● **The task**:
Set down all of the entries below word for word, with the pictures left out.

Dataset excerpts:
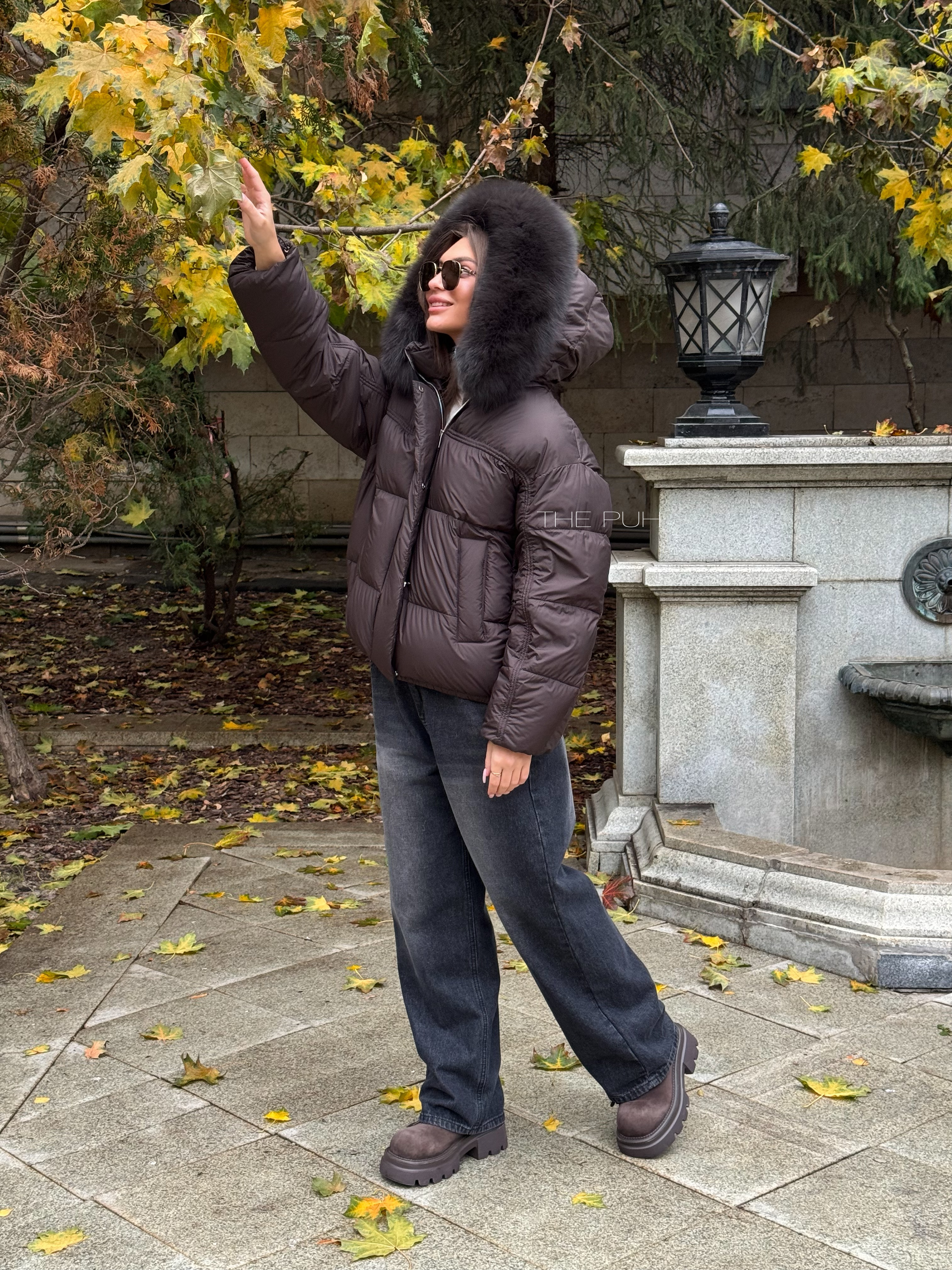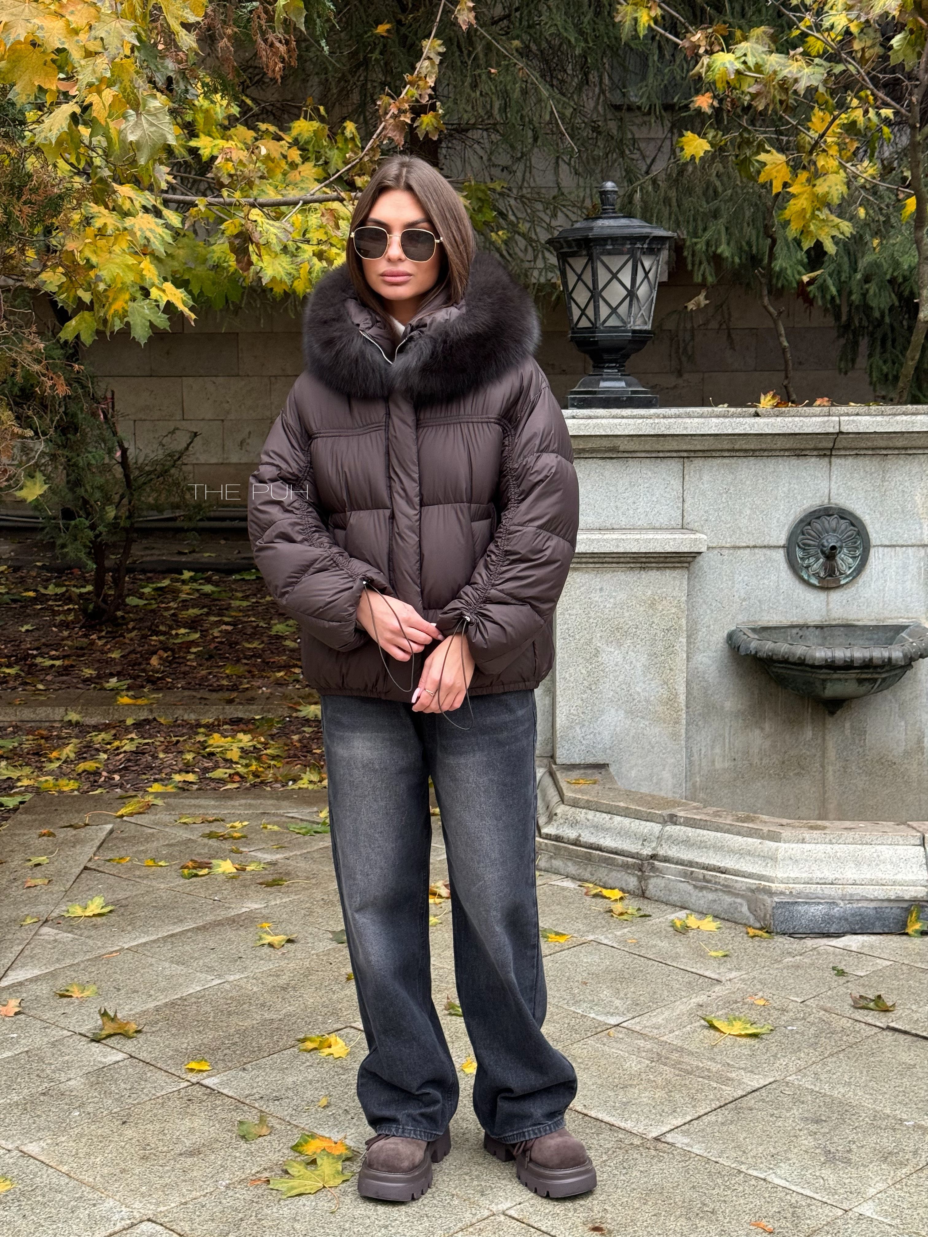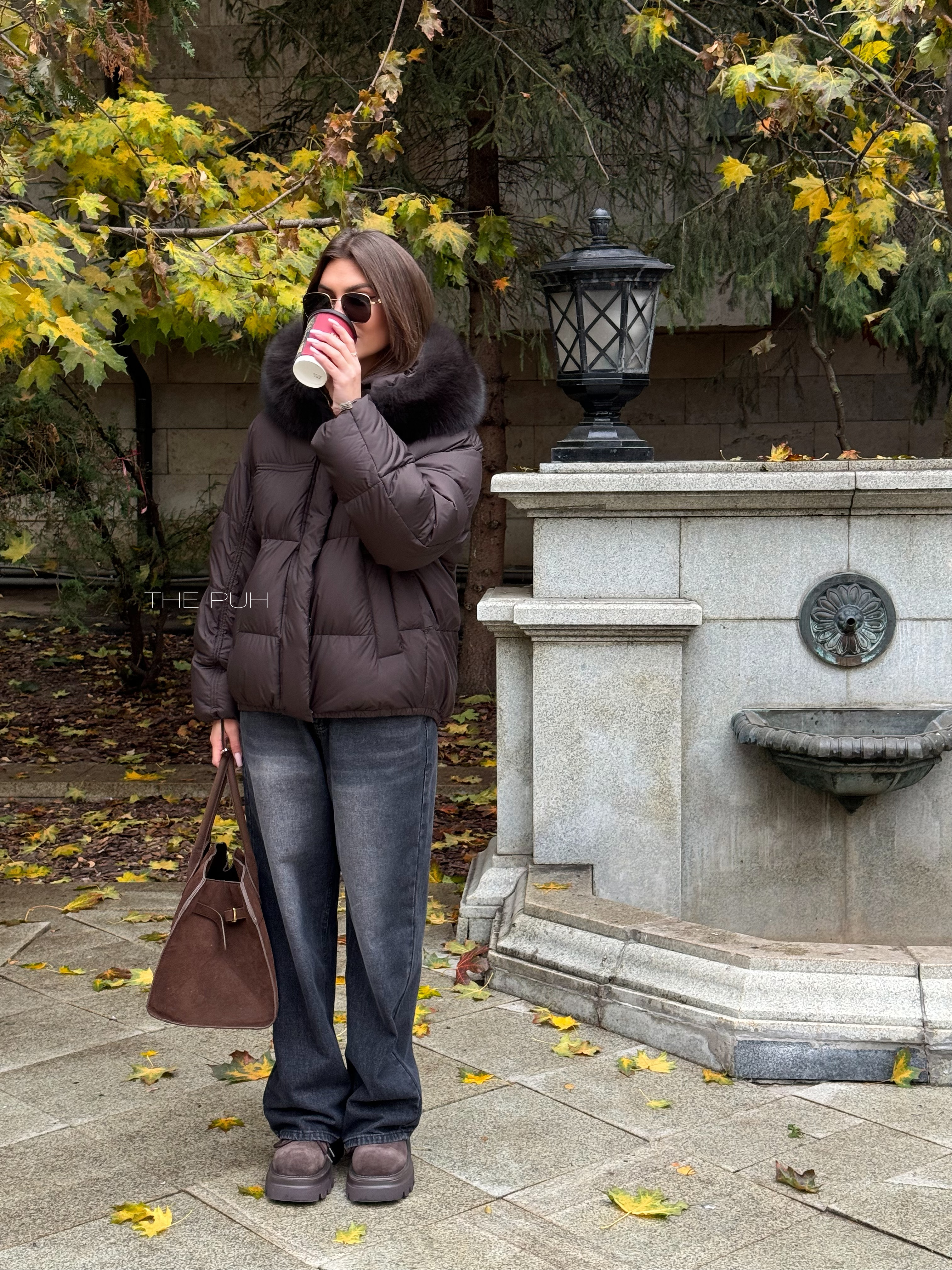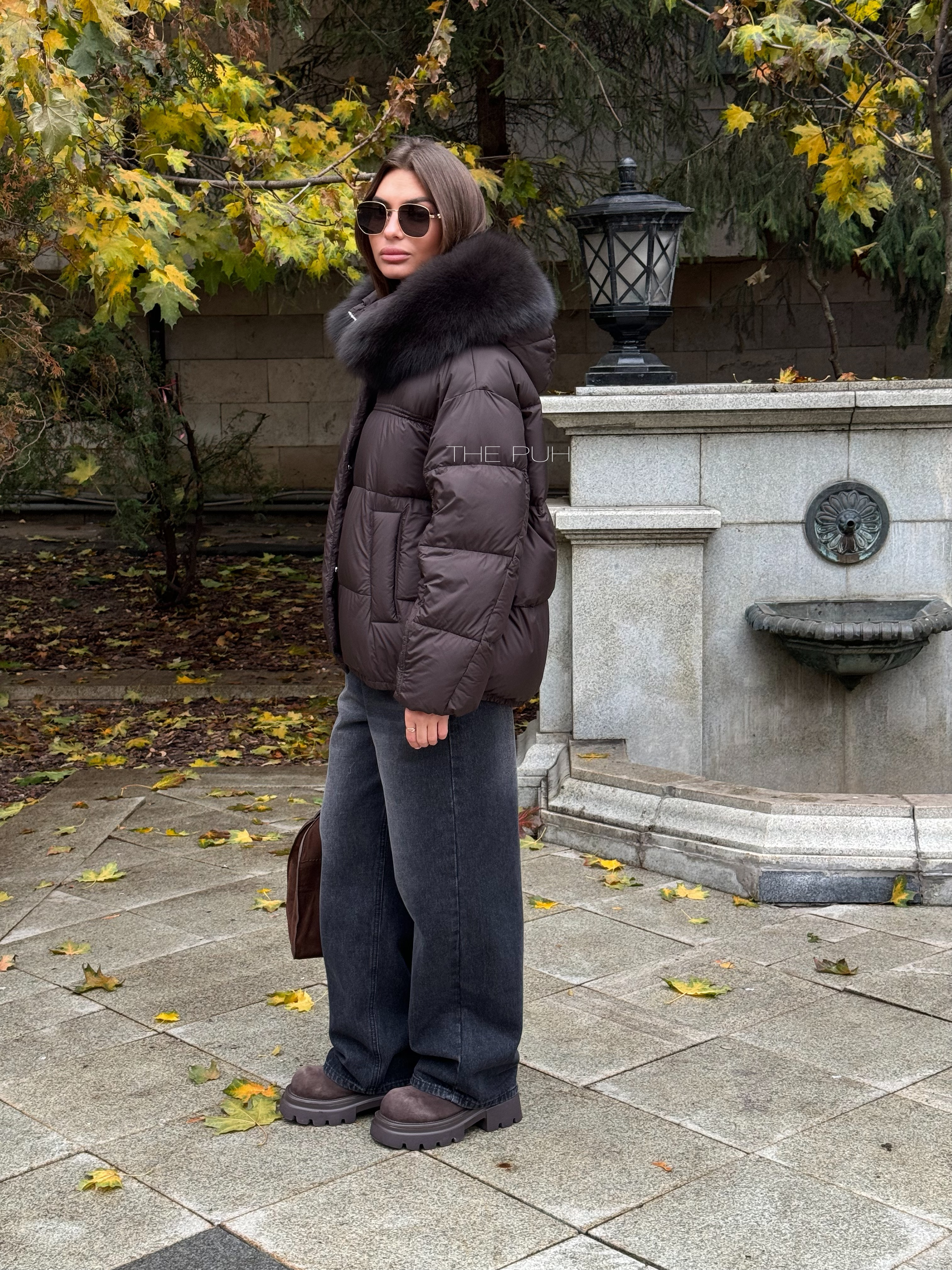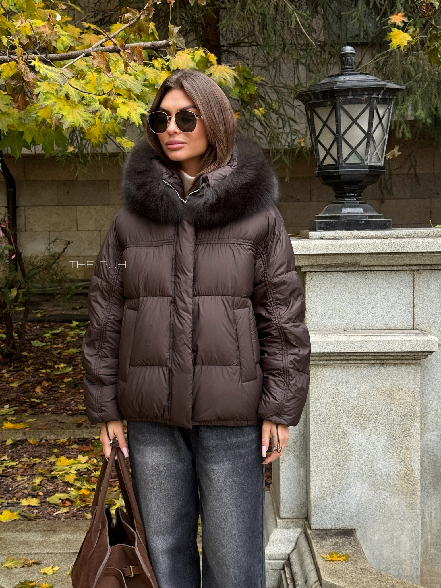 Короткий пуховик шоколадного цвета с меховой отделкой капюшона и затяжками на рукавах, которые позволяют регулировать их длину. Модель утеплена натуральным пухом, что позволяет ей выдерживать зимние холода.
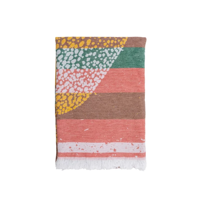 Fast Drying: Say goodbye to wet and heavy towels. It dries quickly, relaxing you and making you feel light on the beach; Lightweight: Easily transportable, it allows you to carry your beach belongings with ease; Soft: Pampers your skin with its soft texture and offers a comfortable use; Special Design: Colorful, vivid and cheerful designs inspired by the energy of the sun.; Portable: With its compact design, it fits easily into your beach bag and saves space.; Multifunctional: loincloth on the beach, shawl on cool summer evenings, dress with different tying methods, mat in yoga and sports.; Sandproof: Sand-proof: Sand-proof means that sticking to the beach is no longer a problem!; Material: 100% Cotton; Content: 1 Piece 90x170 cm Peshtemal
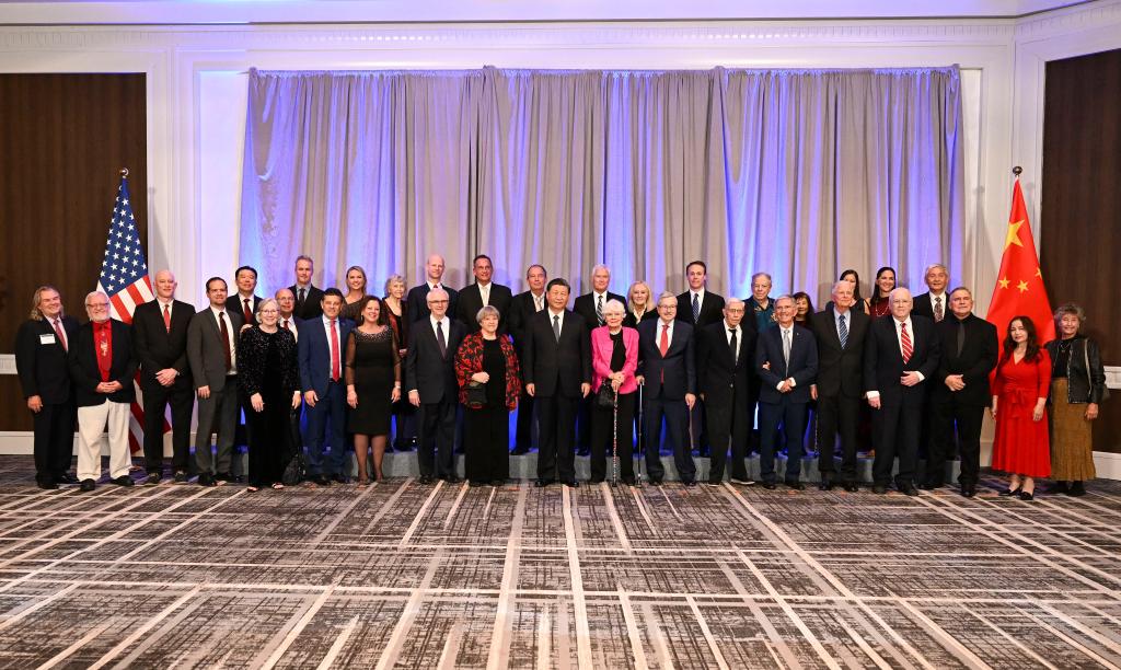 當(dāng)?shù)貢r間11月15日晚,國家主席習(xí)近平在美國舊金山出席美國友好團(tuán)體聯(lián)合舉行的歡迎宴會。這是宴會開始前,習(xí)近平會見飛虎隊(duì)和史迪威將軍后人、鼓嶺、艾奧瓦州、華盛頓州等方面友好人士代表,同他們親切交談并合影留念。
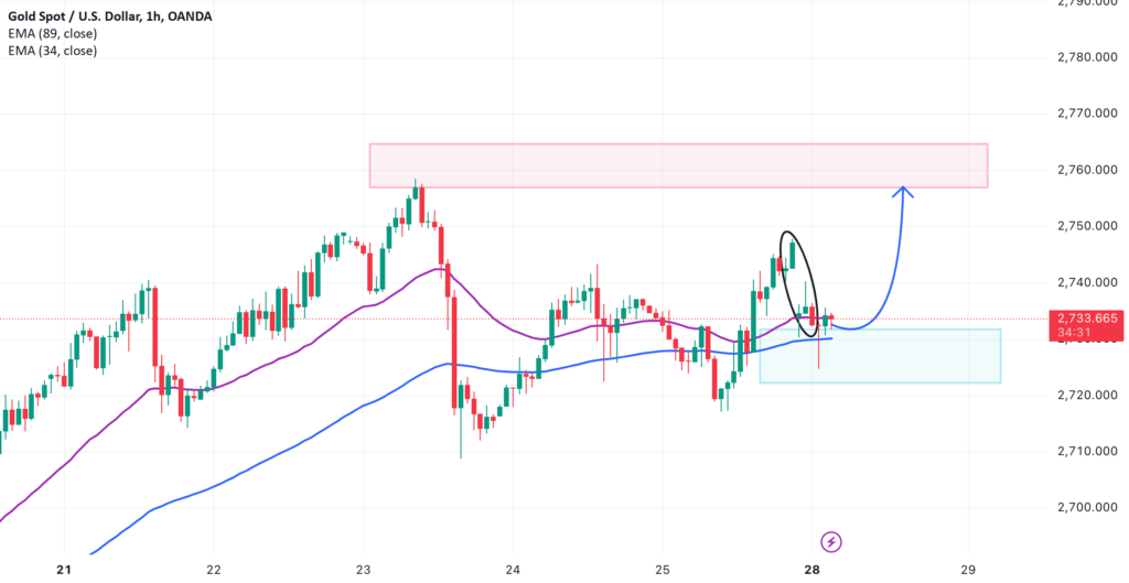 Based on the chart and the current situation, I see gold prices are creating a gap and tending to rise to close that gap. This may reflect the cautious sentiment of investors ahead of the release of important US economic data this week, including GDP, unemployment rate, consumer confidence index and some other important indicators on the labor market.
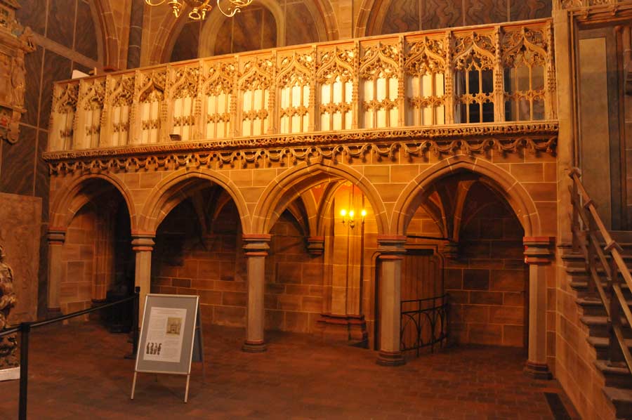 Das Alte Rathaus wurde 1405 - 1409 als repräsentativer und wehrhafter Bau zeitlich fast parallel mit dem Bremer Roland von 1404 auf einem Höhepunkt der mittelalterlichen Stadtgeschichte errichtet. Der Saalgeschossbau aus wechselndem rotem und schwarz glasiertem Ziegelstein ist 42 Meter lang und 16 Meter breit, sein Innenausbau erfolgte bis 1412. Im dreischiffigen Ratskeller, den zu besuchen allein Aufgrund der Architektur sich lohnt, ruht das Gewölbe auf 20 Pfeilern aus Sandstein, in der Unteren Halle stützen 20 Eichenholzständer die Holzbalkendecke, die unter den Schritten der Besucher obligatorisch knarren. Die Obere Halle ist als ungeteilter Saal mit freitragender Decke reich mit Wandbildern, Schmuckportalen und Holzschnitzereien ausgestaltet.
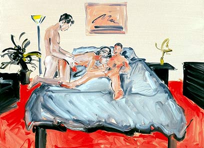 "אני לא עסוק במיניות ולא מתעניין בה, אלא במצב מיני או מצב יצרי. פורנוגרפיה אכן מעניינת אותי; כשאני מצייר ציור זה מרחיק את הדימוי הפורנוגרפי מהמקום של השיפוט. כשאני מצייר אישה השרועה פשוקת איברים היא בעצם עוברת ריכוך. אני לא מתעסק בהומו-אירוטיות וגם לא בפמיניזם, אלא במצב אנושי".

● **Solution for this task**:
 Короткий пуховик шоколадного цвета с меховой отделкой капюшона и затяжками на рукавах, которые позволяют регулировать их длину. Модель утеплена натуральным пухом, что позволяет ей выдерживать зимние холода.
 Fast Drying: Say goodbye to wet and heavy towels. It dries quickly, relaxing you and making you feel light on the beach; Lightweight: Easily transportable, it allows you to carry your beach belongings with ease; Soft: Pampers your skin with its soft texture and offers a comfortable use; Special Design: Colorful, vivid and cheerful designs inspired by the energy of the sun.; Portable: With its compact design, it fits easily into your beach bag and saves space.; Multifunctional: loincloth on the beach, shawl on cool summer evenings, dress with different tying methods, mat in yoga and sports.; Sandproof: Sand-proof: Sand-proof means that sticking to the beach is no longer a problem!; Material: 100% Cotton; Content: 1 Piece 90x170 cm Peshtemal
 當(dāng)?shù)貢r間11月15日晚,國家主席習(xí)近平在美國舊金山出席美國友好團(tuán)體聯(lián)合舉行的歡迎宴會。這是宴會開始前,習(xí)近平會見飛虎隊(duì)和史迪威將軍后人、鼓嶺、艾奧瓦州、華盛頓州等方面友好人士代表,同他們親切交談并合影留念。
 Based on the chart and the current situation, I see gold prices are creating a gap and tending to rise to close that gap. This may reflect the cautious sentiment of investors ahead of the release of important US economic data this week, including GDP, unemployment rate, consumer confidence index and some other important indicators on the labor market.
 Das Alte Rathaus wurde 1405 - 1409 als repräsentativer und wehrhafter Bau zeitlich fast parallel mit dem Bremer Roland von 1404 auf einem Höhepunkt der mittelalterlichen Stadtgeschichte errichtet. Der Saalgeschossbau aus wechselndem rotem und schwarz glasiertem Ziegelstein ist 42 Meter lang und 16 Meter breit, sein Innenausbau erfolgte bis 1412. Im dreischiffigen Ratskeller, den zu besuchen allein Aufgrund der Architektur sich lohnt, ruht das Gewölbe auf 20 Pfeilern aus Sandstein, in der Unteren Halle stützen 20 Eichenholzständer die Holzbalkendecke, die unter den Schritten der Besucher obligatorisch knarren. Die Obere Halle ist als ungeteilter Saal mit freitragender Decke reich mit Wandbildern, Schmuckportalen und Holzschnitzereien ausgestaltet.
 "אני לא עסוק במיניות ולא מתעניין בה, אלא במצב מיני או מצב יצרי. פורנוגרפיה אכן מעניינת אותי; כשאני מצייר ציור זה מרחיק את הדימוי הפורנוגרפי מהמקום של השיפוט. כשאני מצייר אישה השרועה פשוקת איברים היא בעצם עוברת ריכוך. אני לא מתעסק בהומו-אירוטיות וגם לא בפמיניזם, אלא במצב אנושי".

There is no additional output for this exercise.